Information shown:
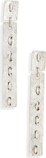 A threaded bar design adds contemporary shine to these statement drop earrings with a brushed finish.
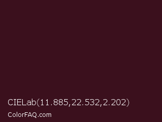 CIELab 11.885,22.532,2.202 Color is a very dark rose color and the nearest color is Dark Sienna #3c1414. Hex code #3b101d and RGB value is rgb(59,16,29). In RGB color space, this color is composed of 23% red, 6% green, 11% blue, In CMYK color space, this color is composed of 0% cyan, 73% magenta, 51% yellow , 77% black , In HSL color space, this color has a hue angle of 342° , 57% saturation and 15% lightness.
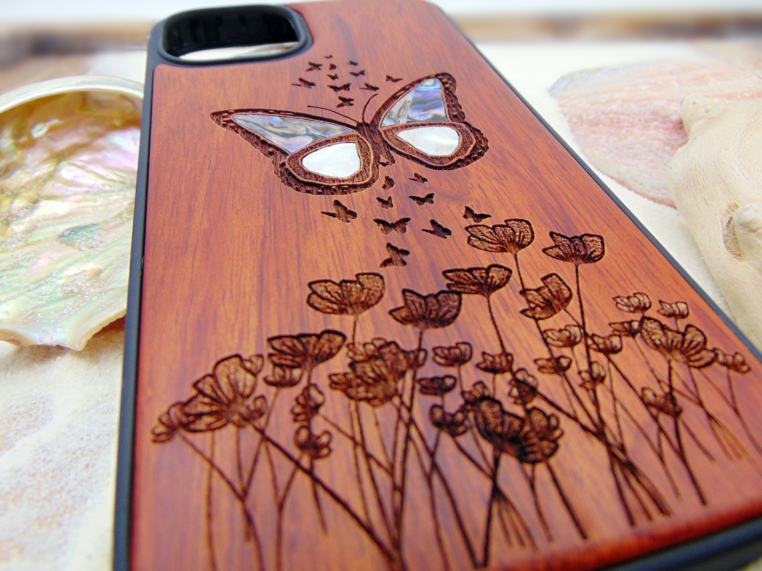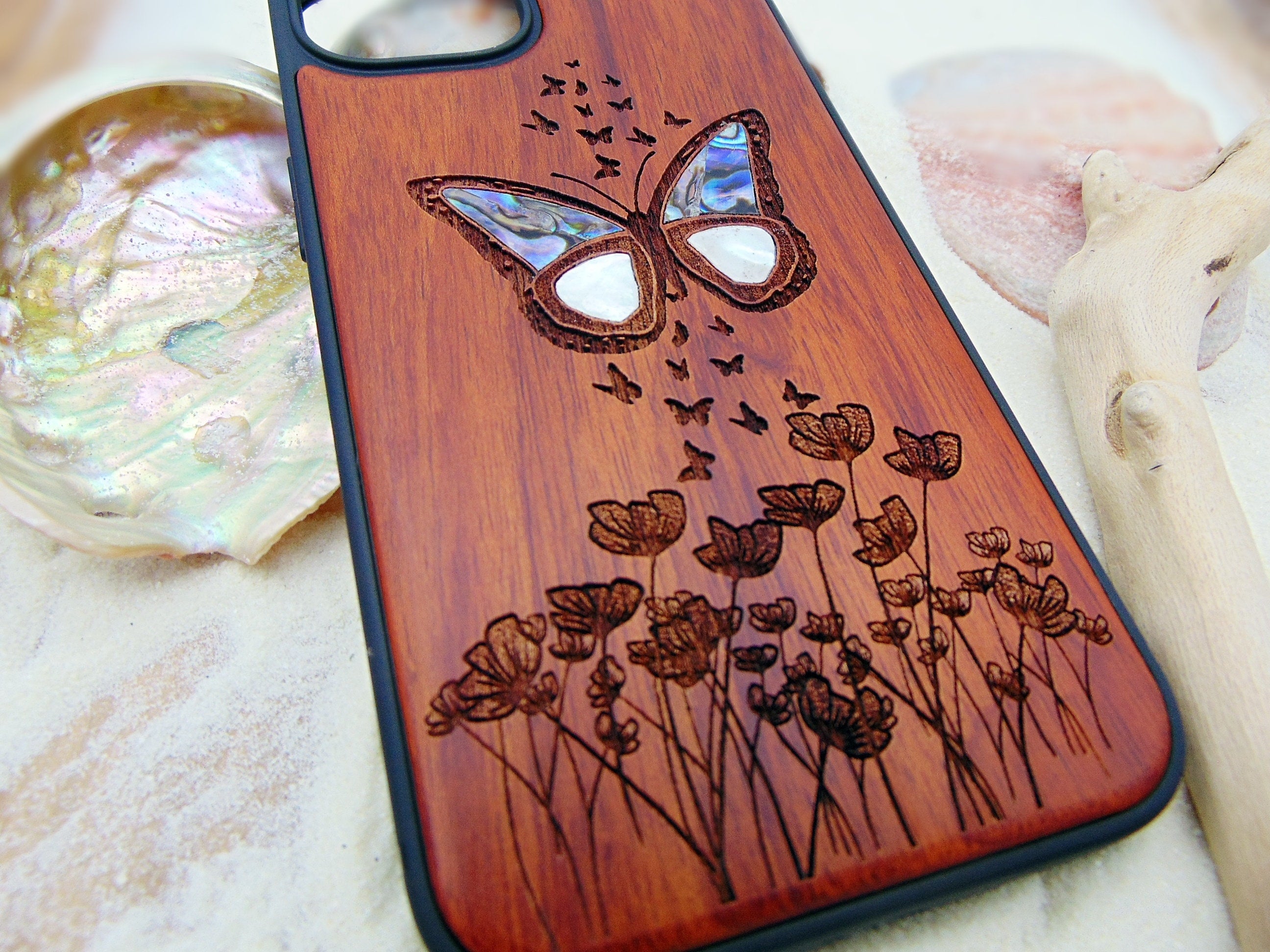 Inserting Mother of Pearl or Abalone shell into the surface of an object (Wood in this case) is called an inlay. In old days this was done all by hand, nowadays we use a laser cutter to cut and engrave our wood and hand inlay the pieces.

What is needed:
Pictures are to be omitted; otherwise, write out the data exactly as it appears.

Response:
 A threaded bar design adds contemporary shine to these statement drop earrings with a brushed finish.
 CIELab 11.885,22.532,2.202 Color is a very dark rose color and the nearest color is Dark Sienna #3c1414. Hex code #3b101d and RGB value is rgb(59,16,29). In RGB color space, this color is composed of 23% red, 6% green, 11% blue, In CMYK color space, this color is composed of 0% cyan, 73% magenta, 51% yellow , 77% black , In HSL color space, this color has a hue angle of 342° , 57% saturation and 15% lightness.
 Inserting Mother of Pearl or Abalone shell into the surface of an object (Wood in this case) is called an inlay. In old days this was done all by hand, nowadays we use a laser cutter to cut and engrave our wood and hand inlay the pieces.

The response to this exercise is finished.